Tuesday, October 18, 2011

They also serve...

As I have mentioned before, I have a great deal of time for Alex Massie - of all political commentators about at the moment, perhaps only Matthew Parris more regularly articulates precisely what I think about a subject. Even so, I'm not sure he's quite right about the implications of Phillip Hammond's appointment as Defence Secretary:

How important is the Ministry of Defence? Not, according to Fraser, important enough to this government to appoint a Secretary of State who has any great interest in Defence issues. This is fairly remarkable. You might have thought - and the MoD's particular problems might have persuaded you - that defence would be an issue demanding a specialist but that reckons without the managerial habits of modern politics.

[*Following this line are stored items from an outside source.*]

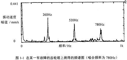 齒輪在傳動過程中,輪齒是不斷地處在一齒與兩齒交替咬合狀態(tài),對于斜齒輪,是不斷地處在兩齒與三齒交替咬合狀態(tài)。當(dāng)齒側(cè)有間隙時,此時的振動體系是時變的非線性系統(tǒng);輪齒間隙過大時還會出現(xiàn)瞬時脫齒狀態(tài)。因此,齒輪所產(chǎn)生的振動除了和輪齒嚙合剛度時變性有關(guān)外,還和齒輪的制造誤差(如質(zhì)量偏心、齒距偏差和齒形誤差)、裝配不良(如兩個齒輪軸心線不平行)、齒輪正常損傷(如齒輪正常磨損等)和齒輪非正常損傷(如齒面疲勞點蝕、齒面剝落、齒面燒傷、塑性變形和膠合撕傷等)有關(guān)。人們一般都認(rèn)為,齒輪在振動時其振動故障頻率為齒輪嚙合頻率的n倍(n=l,2,3,…),但實際情況并不完全如此,如在圖1-1中,齒輪振動故障頻率為齒輪嚙合頻率的1/3、2/3和3/3倍,振動速度的幅值也較齒輪正常時大一些;在另外一些場合,齒輪振動故障頻率為n/m倍(n,m皆為正整數(shù))。因此很有必要對產(chǎn)生分?jǐn)?shù)倍亞諧和超諧振動的原因作深入的研究工作。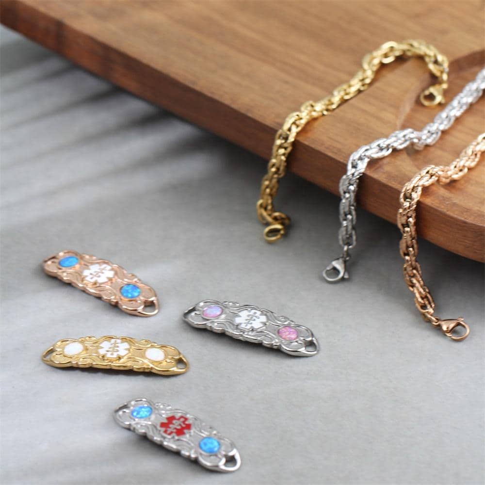 ✨Fashionable Design: Our Medical Alert Bracelets with Opal Stone for Women feature elegant designs suitable for any occasion. No need to compromise style for your health anymore.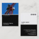 Diseño de una plantilla de tarjeta de visita con un borde blanco negro en la mitad inferior. El diseño frontal incluye una foto o una obra de arte en la mitad superior. El mismo tema se repite en la parte posterior sin la imagen, lo que deja espacio para otros detalles y una mayor personalización. El motivo de tres cuadrados utilizado como elemento decorativo en la parte posterior es de una de las fuentes de imagen útiles de Zazzle y puede ser utilizado como una característica decorativa o reemplazado por su propio logotipo o decoración.
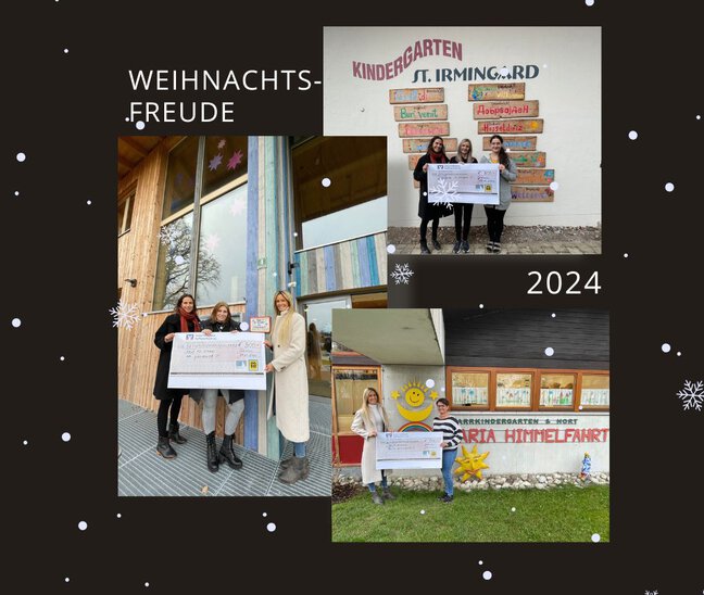 An die Kindergärten St. Irmingard, Maria Himmelfahrt und dem Haus für Kinder am Gänsbach in Grassau wurden als kleine Unterstützung für Kinder und Eltern sowie den Betreuern jeweils eine Spende von 500,00 Euro ausgehändigt. Fr. Lutzenberger, stellvertretende Leitung des Kindergartens St. Irmingard möchte gerne in die Ausstattung des Turnraums investieren, um den Kindern mehr Bewegungsfreiheit bieten zu können. Fr. Kink, Leitung des Kindergartens Maria Himmelfahrt freut sich auf die Anschaffung von neuen Holzpferden, die den Kindern einen spielerisch- und eigenverantwortlichen Zugang zum Thema Tiere ermöglichen dürfen und auch Fr. Kirner, Leitung des Hauses für Kinder am Gänsbach setzt auf eine neue Spielküche oder einen Kaufladen, um das eigenständige Potenzial der Kinder in Rollenspielen zu fördern. Die Firmen MH Mix & Hornberger Bau GmbH und die Wohnlinie GmbH wünschen den Einrichtungen eine schöne Weihnachtszeit und im neuen Jahr weiterhin viel Spaß und Freude mit den Kindern!

Much as I would love to see the mighty Nicholas Soames (late of the 11th Hussars) returned to the Defence Office I'm not sure that military experience is a pre-requisite for the role. Obviously, post-war British politics was awash with military experience. Conscription and a World War will do that. But prior to that, arguably the two most influential Secretaries of State for War (none of that namby-pamby 'Defence' in those days) were entirely without military experience or even apparent interest in the military.

Edward Cardwell is probably forgotten now, but it was his Army Reforms that formed the foundation stone of the modern British Army, doing away with the purchasing of commissions and establishing a modern system of recruitment (incidentally, ignore the FOAK's claim that Cardwell was 'a former soldier' - he was a relentlessly civilian barrister and career politician).

Equally far-reaching changes were instituted at the beginning of the 20th century by Liberal politician, philosopher and lawyer Richard Haldane. An Expeditionary Force was established, the Territorial Army was founded, a separate General Staff was created for the first time and the entire system of training and tactics was overhauled.

Neither of these men had a military background. Would Alex suggest that the Duke of Cambridge - far more experienced and interested in the military than Cardwell - would have been a better Secretary of State than Cardwell, or that Field Marshall Kitchener was better than Haldane?

After all, Peter Tapsell was in the army - should we dust him off and give him the gig?